The meeting was set for the evening hours. London-based Mossad operatives took up positions outside the hotel to make sure it wasn’t a trap. Goren sat on a couch in the lobby, pretending to read a newspaper as he kept his eye on the entrance. The paper hid from view a photograph he was holding of Ashraf Marwan. Dubi stood off to one side, keeping eye contact with Goren.
They didn’t wait long. At precisely the time they had set with Marwan, he entered the lobby, carrying a black briefcase. Dubi immediately recognized him from the description he’d received: tall, slim, dark. Goren thought he recognized him as well but wanted to be sure. He glanced at the photo and back at the man. The photograph was from Ashraf and Mona’s weddi
ng four years earlier and was clipped from an Egyptian newspaper. Goren hesitated. Another look at the photo, and then again at the man who stood in the lobby, and that was enough. He looked at Dubi and nodded slightly. Marwan stood tense as Dubi walked up to him, extending his hand and smiling.
“MR. MARWAN,” HE said to him quietly in Arabic. “It is a pleasure to meet you. My name is Alex.”
The young Egyptian was visibly surprised by the Arabic. He, too, worried that a trap had been set by the Egyptian Mukhabarat. He replied in English, “Are you Israeli?”
Dubi switched into English as well, confirmed that he was Israeli, and tried to calm the fellow’s nerves. They exchanged a few more words, and Dubi suggested that they go up to a room where they could talk. Marwan nodded his assent. Goren, who was not far from them, took a deep breath of relief when he saw them walk toward the elevator. The initial contact had gone off without a hitch.
Up in the room, Marwan felt considerably more at ease and led the conversation. He asked Dubi if he knew who he was. Dubi had been around long enough to know that he didn’t need to reveal everything he knew. Marwan began describing himself at length, his public stature, his marriage to Mona, his relationship with Nasser and Sadat, and the fact that he worked in the information bureau in the President’s Office under Sami Sharaf. Dubi tried to commit every detail to memory.
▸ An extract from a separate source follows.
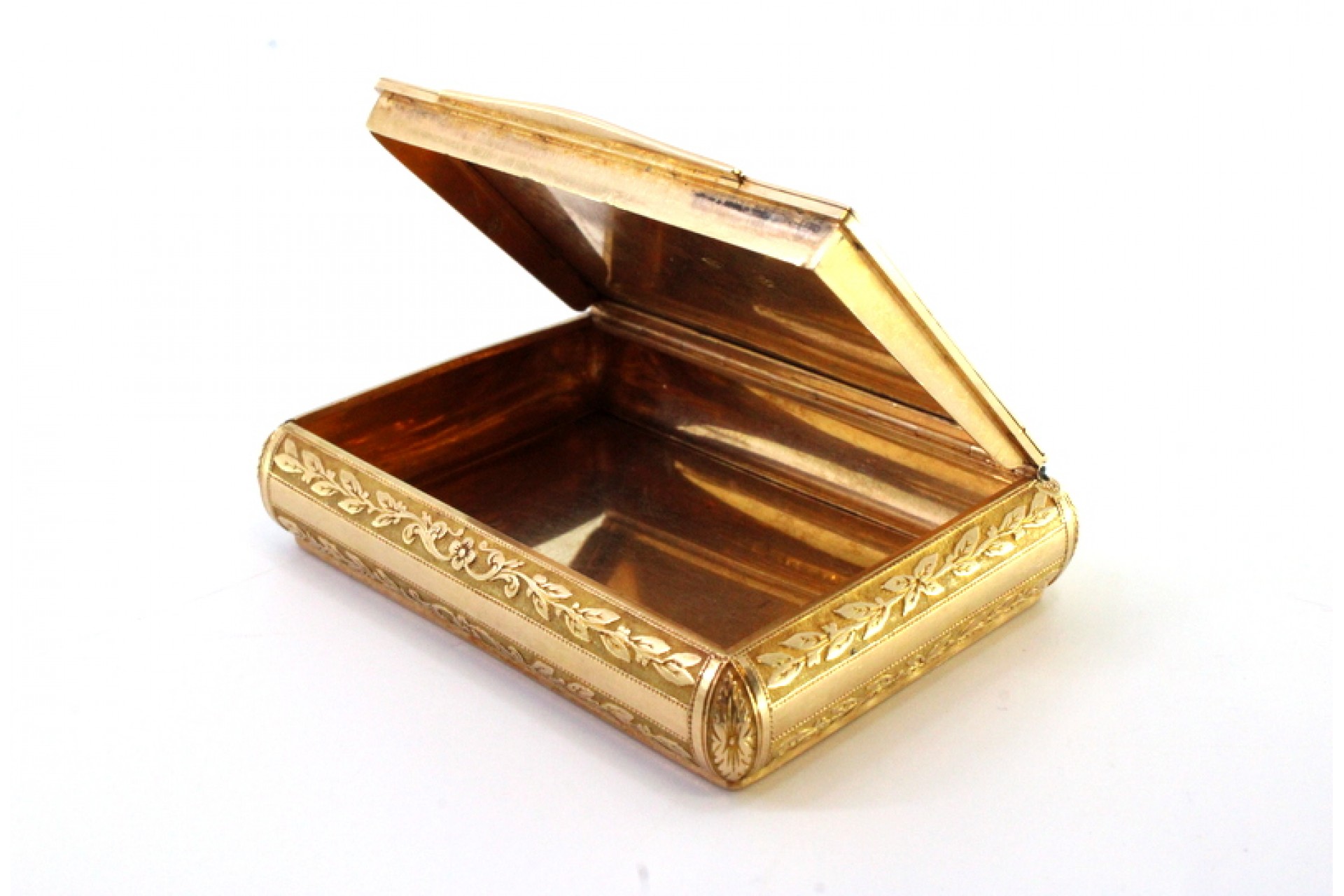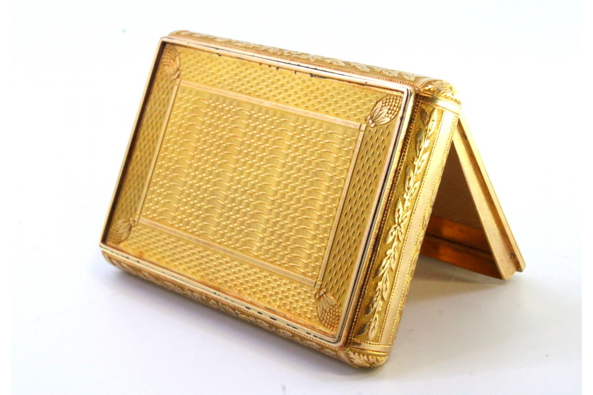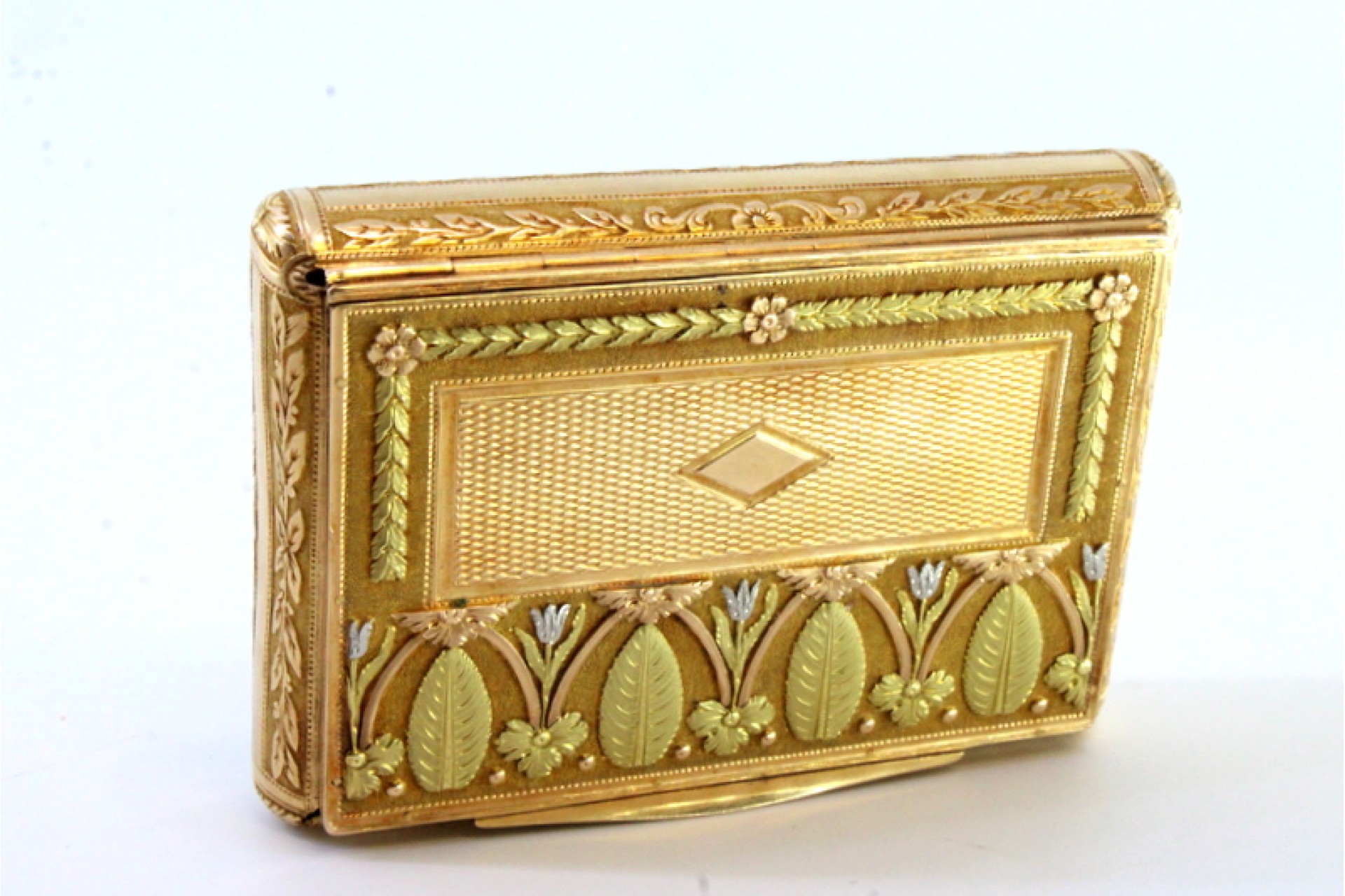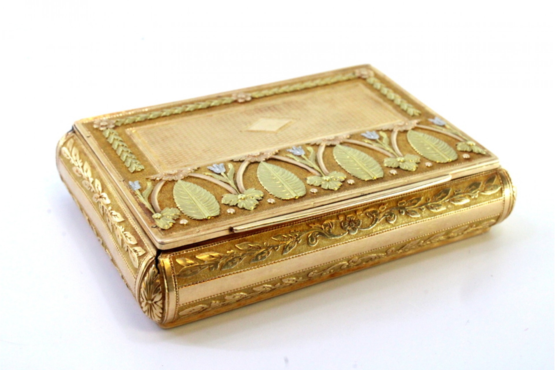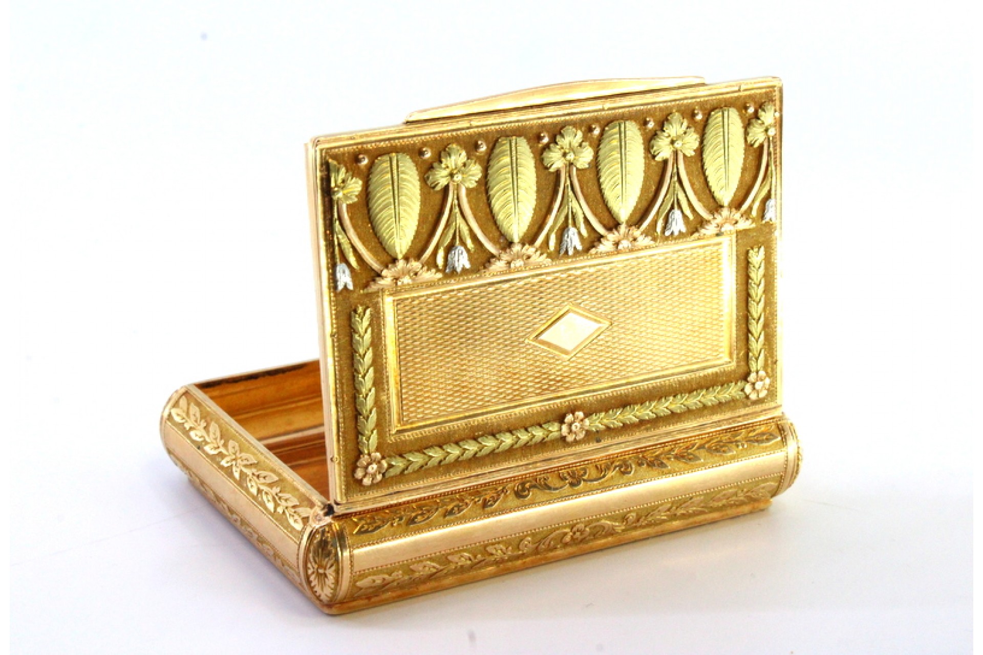 • Descrição: Caixa de rapé em ouro tricolor com palmas, motivos florais, grinaldas ricamente relevadas e cartela para monograma em forma de losangulo sobre a tampa basculante.

Marwan explained his role at work, slightly overstating his importance. For Dubi, the more interesting question was not Marwan’s status or his relationship with Nasser’s successor, but what kind of information crossed his desk. He raised the point carefully and politely. Marwan smiled, almost boastfully. He explained that the most important information in all of Egypt was concentrated in the hands of Sami Sharaf. Dubi asked him to be more specific. Was it political information? Military or diplomatic? Relations with the Soviets? Marwan had been waiting for the question. Picking up his suitcase, he produced a number of pages of handwritten Arabic and told Dubi that he was handing over, as a kind of down payment, something of great interest to Israel. He began reading aloud. Dubi, who had some understanding of military affairs, realized that Marwan was giving over details from a top-secret memorandum cataloging the Order of Battle (OB) of the entire Egyptian military. Dubi began quickly writing down the details of units, their location, commanders, and equipment at their disposal. Occasionally he would stop to ask Marwan to clarify one point or another. When Marwan finished reading, the Mossad officer looked over the list. It was incredible.